Значит, незачем мне ходить в Коссано, искать своих сестер неродных, спрашивать, помнят ли они меня. И теперь, вспоминая Анжолину, я вижу ее с перекошенным ртом, такой, какой мне запомнилась ее мать в свой смертный час.
Но однажды утром я пошел в Канелли – шагал вдоль полотна железной дороги. Сколько раз проделывал я этот путь, когда жил на Море! Миновал Сальто, миновал Нидо, увидел Мору, увидел почти доросшие до самой крыши липы, балкон барышень, застекленную веранду, нижний этаж дома, где жили мы. Услышал незнакомые голоса и побыстрей зашагал мимо.

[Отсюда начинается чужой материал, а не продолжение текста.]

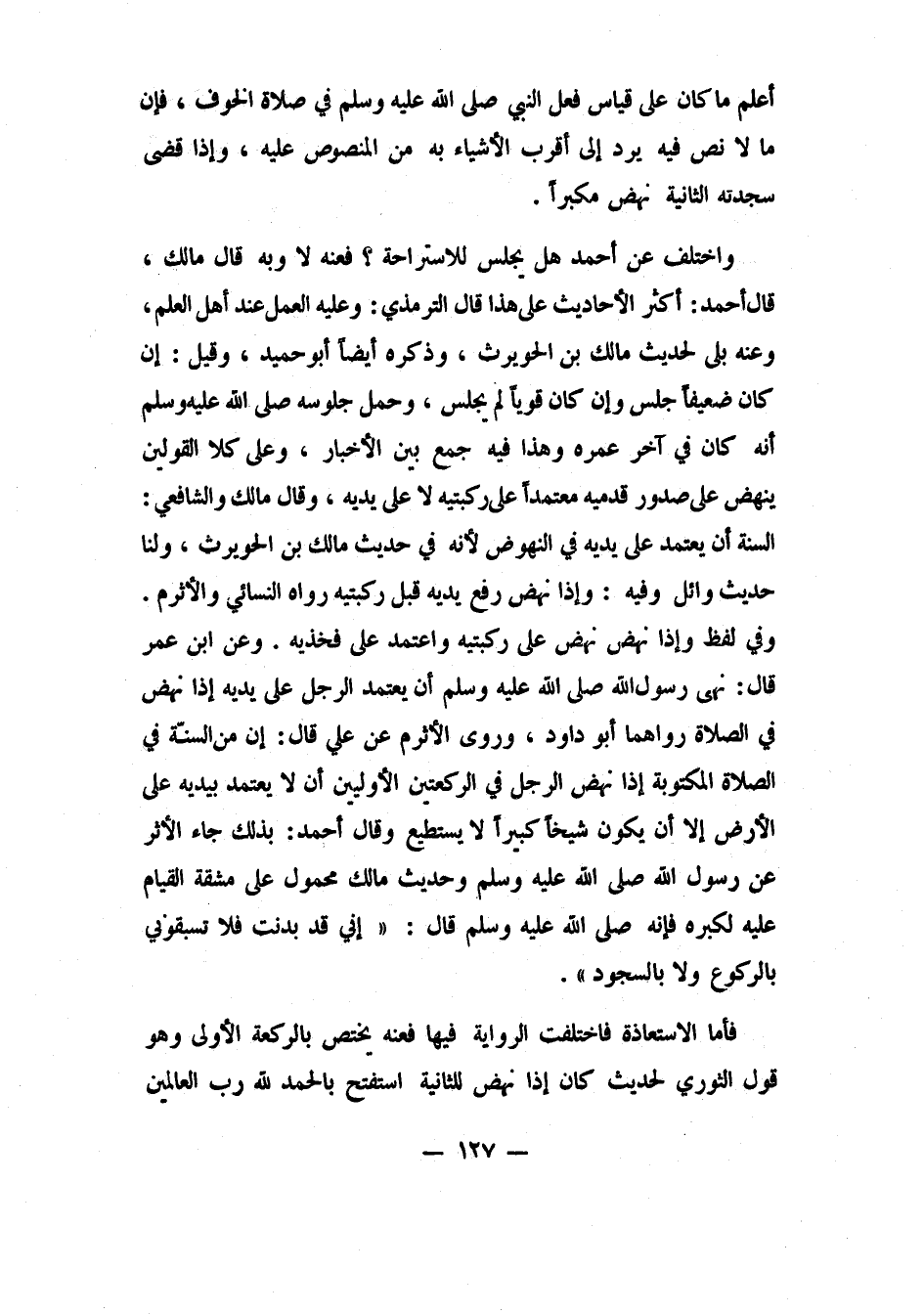 واختلف عن أحمد هل يجلس للاستراحة؟ فعنه: لا، وبه قال مالك. قال أحمد: أكثر الأحاديث على هذا، قال الترمذي: وعليه العمل عند أهل العلم. وعنه: بلى، لحديث مالك بن الحويرث، وذكره أيضاً أبو حميد. وقيل: إن كان ضعيفاً جلس، وإن كان قوياً لم يجلس، وحمل جلوسه صلى الله عليه وسلم أنه كان في آخر عمره، وهذا فيه جمع بين الأخبار. وعلى كلا القولين، ينهض على صدور قدميه معتمداً على ركبتيه لا على يديه. وقال مالك والشافعي: السنة أن يعتمد على يديه في النهوض، لأنه في حديث مالك بن الحويرث. ولنا: حديث وائل، وفيه: "وإذا نهض رفع يديه قبل ركبتيه". 1. رواه النسائي والأثرم. وفي لفظ: "وإذا نهض نهض على ركبتيه، واعتمد على فخذيه"، 2 وعن ابن عمر قال: "نهى رسول الله صلى الله عليه وسلم أن يعتمد الرجل على يديه إذا نهض في الصلاة". 3 رواهما أبو داود. وروى الأثرم عن علي قال: "إن من السنّة في الصلاة المكتوبة إذا نهض الرجل في الركعتين الأوليين أن لا يعتمد بيديه على الأرض، إلا أن يكون شيخاً كبيراً لا يستطيع". وقال أحمد: بذلك جاء الأثر عن رسول الله صلى الله عليه وسلم، وحديث مالك محمول على مشقة القيام عليه لكبره، فإنه صلى الله عليه وسلم قال: " إني قد بدنت، فلا تسبقوني بالركوع ولا بالسجود ". 4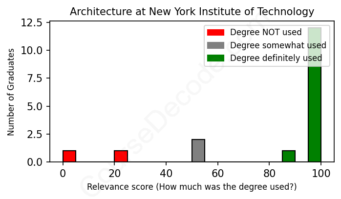 The verdict? Significantly above average. Overall, with an average relevance score of 82%, Architecture graduates from New York Institute of Technology have a much higher likelihood (+15%) of finding work in this field compared to the average graduate across all fields: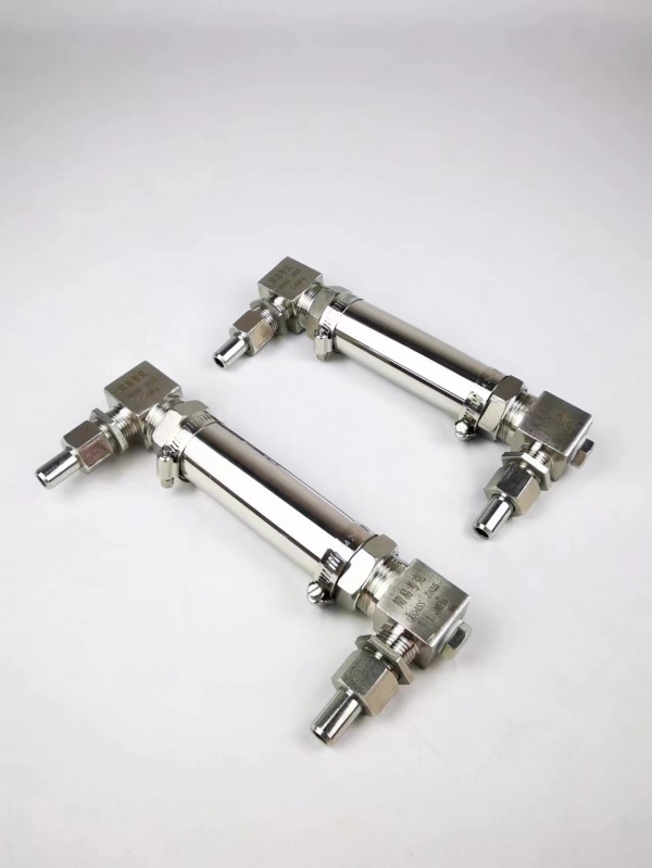 液位計兩端的針型閥不僅起截止閥的作用,其內(nèi)部的鋼球具有逆止閥的功能,當液位計發(fā)生意外破損泄漏時,鋼球可在介質(zhì)壓力作用下自動關(guān)閉液體通道,防止液體大量外流起到安全保護作用。液位計改變零件的材料或增加一些附屬部件可達到防腐、保溫、防霜、照明等功能。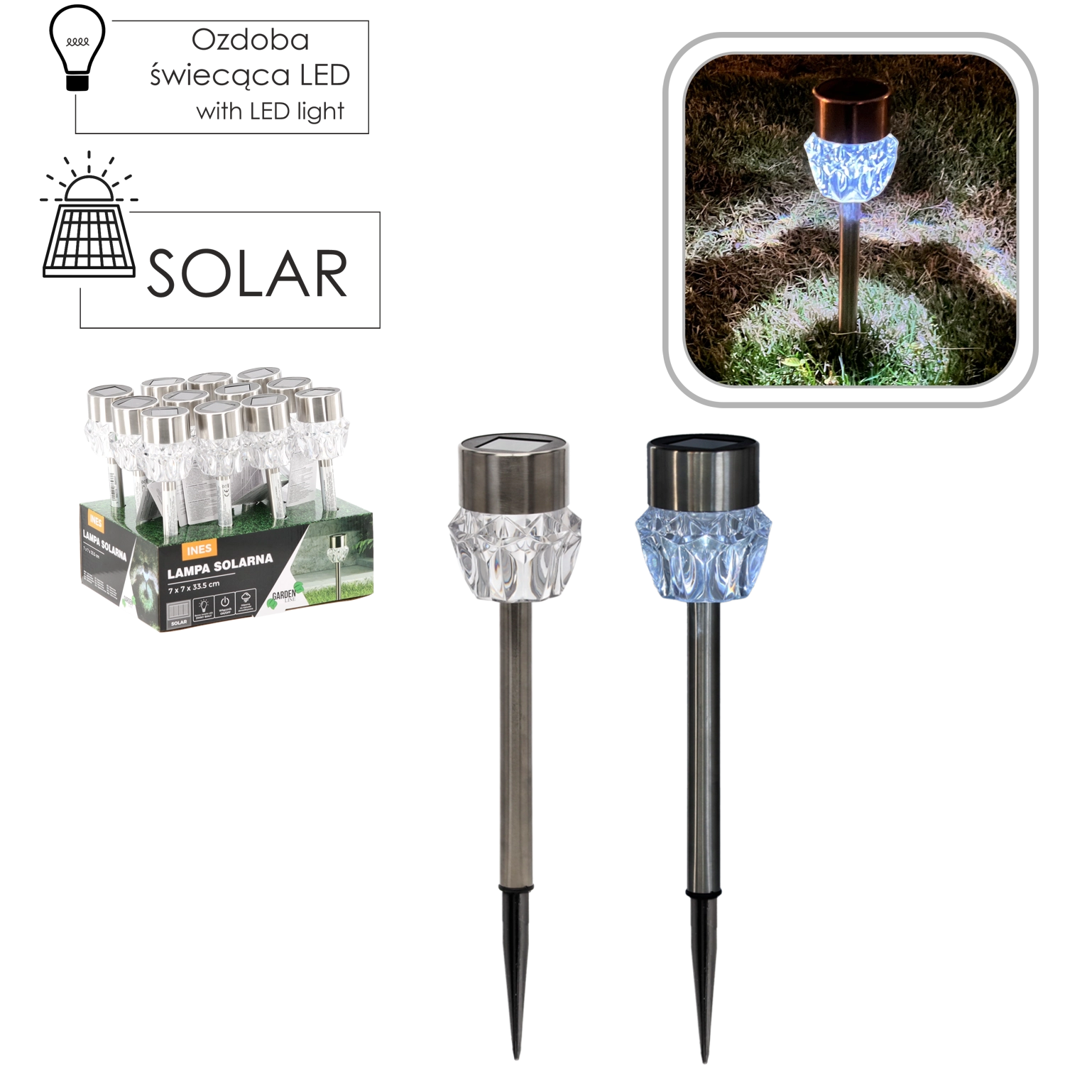 Az INES napelemes lámpa stílusos és takarékos megoldás a kert és a ház környezetének megvilágítására. A beépített amorf napelem panel nappal feltölti az akkumulátort, estére a fény automatikusan felkapcsol, és fényes, hideg fehér hatást kelt, ami ideális a gyalogutak és felhajtók mentén való tájékozódáshoz.

В Канелли я пошел по длинной улице, которой не было в мои времена, и тотчас же узнал запахи – запах вермута, реки, виноградных выжимок. Улочки были все те же, все те же цветы на окнах, все те же лица, и те же вывески фотографов, и те же дома; оживленней всего на площади – новый бар, бензозаправочная колонка, мотоциклы, взметающие облака пыли. Но большой платан остался на месте. И видать, деньги здесь по-прежнему не переводились. Утро я провел в банке и на почте. Городишко маленький, но зато сколько вилл и замков на окрестных холмах. Я был прав: в мире знают про Канелли, здесь в мир распахнуто широкое окно. Стоя на мосту, я оглядел долину и низкие холмы, тянувшиеся в сторону Ниццы. Ничего не изменилось. Разве что еще один мальчик в прошлом году приехал сюда с отцом на тележке продавать виноград. Как знать, может, и для Чинто Канелли станет воротами в мир?

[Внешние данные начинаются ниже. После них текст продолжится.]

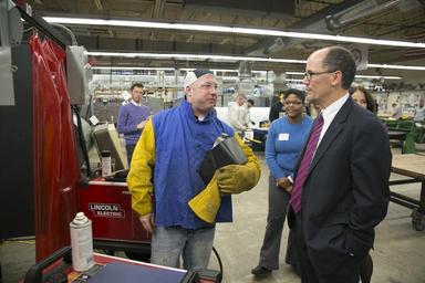 | Keywords: L-14-11-17-A-0282 (15634919117).jpg November 17 2014 - Boston MA - Sheet Metal Worker's Union Hall US Secretary of Labor Thomas Perez meets with Greg Leonard a 3rd year apprentice as he takes a break from mig-welding Official Department of Labor Photograph This official Department of Labor photograph is being made available only for publication by news organizations and/or for personal use printing by the subject s of the photograph The photograph may not be manipulated in any way and may not be used in commercial or political materials advertisements emails products and/or promotions that in any way suggest approval or endorsement of the Secretary or the Department of Labor Photo Credit U S Department of Labor https //www flickr com/photos/usdol/15634919117/ L-14-11-17-A-0282 2014-11-17 12 46 https //www flickr com/people/52862363 N07 US Department of Labor PD-USGov US Department of Labor https //flickr com/photos/52862363 N07/15634919117 2016-09-06 05 57 07 United States Government Work Uncategorized 2016 December 21 |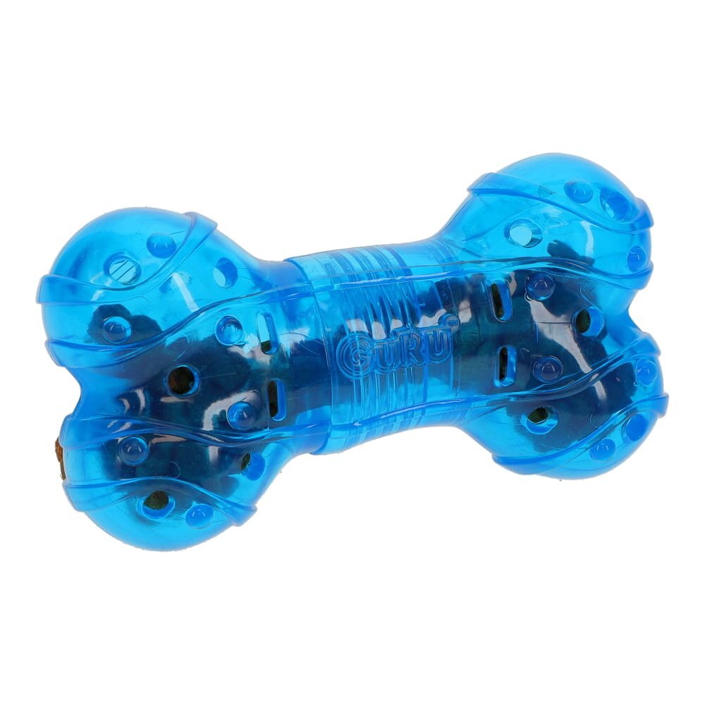 The No Begging! Bone provides dogs long-lasting treat sessions to occupy and engage their natural chewing instincts. Kibble is released through a single opening to keep pets happy and content, while the high-value treats are stored until the pet parent is ready to reward at the end of play time. The No Begging! Bone is made with Chew Pro; GURU's ultra-durable, custom, non-toxic thermoplastic rubber formulated specifically for tough chew sessions and long-lasting play. Easy to clean and top-shelf dishwasher safe.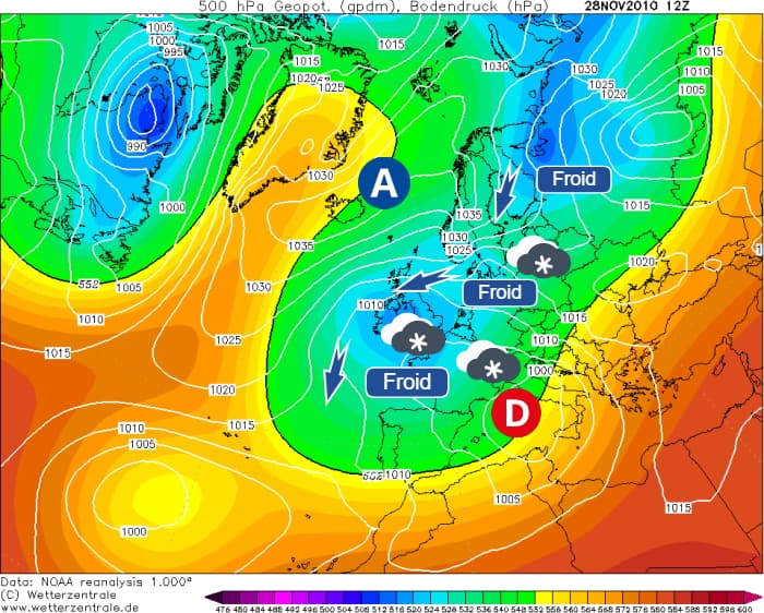 Situation observée sur le continent européen le 28 novembre 2010 - via wetterzentrale.de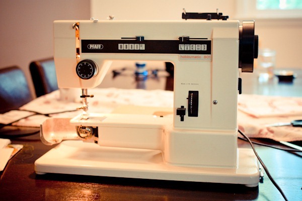 Karen actually brought this sewing machine home from Germany on an airplane (as a carry on!) in 1984. She says it’s top of the line : ) I have a little bit of sewing experience – when I was in high school I made a few dresses, which were more like sacks with a halter top strap. They were cute, but not the easiest to get on and off! But it’s been about 13 years since I last put the pedal to the metal –

И все же здесь все переменилось. Мне Канелли нравится – люблю эту долину, холмы, берег реки. Мне нравится, что здесь конец всего, последнее прибежище, где еще сменяют друг друга не просто годы, а лето, осень, зима, весна. Пусть здешние промышленники производят шампанское разных сортов, возводят здания контор, строят машины, вагоны, склады – я и сам занимаюсь всем этим,– но дорога отсюда по-прежнему ведет во все концы земли. Я прошел этот путь, начав с Гаминеллы. Будь я мальчишкой, прошел бы его еще раз. Ну а дальше что? Нуто, который так никуда отсюда и не уходил, все еще хочет понять мир, все изменить, нарушить чередование времен года. А может, и нет: он верит россказням про луну. А я, не поверивший в лупу, знаю, что в конечном счете нет ничего важнее смены времен года. Знаю, что Канелли и есть весь мир. Канелли и долина реки Бельбо. И время не властно над здешними холмами.
Под вечер я вышел на шоссе, которое проложили рядом с железной дорогой, потом по дороге прошел мимо Нидо, мимо Моры. В доме на Сальто я застал Нуто в фартуке, он строгал, посвистывая, но глядел хмуро.
– Что случилось?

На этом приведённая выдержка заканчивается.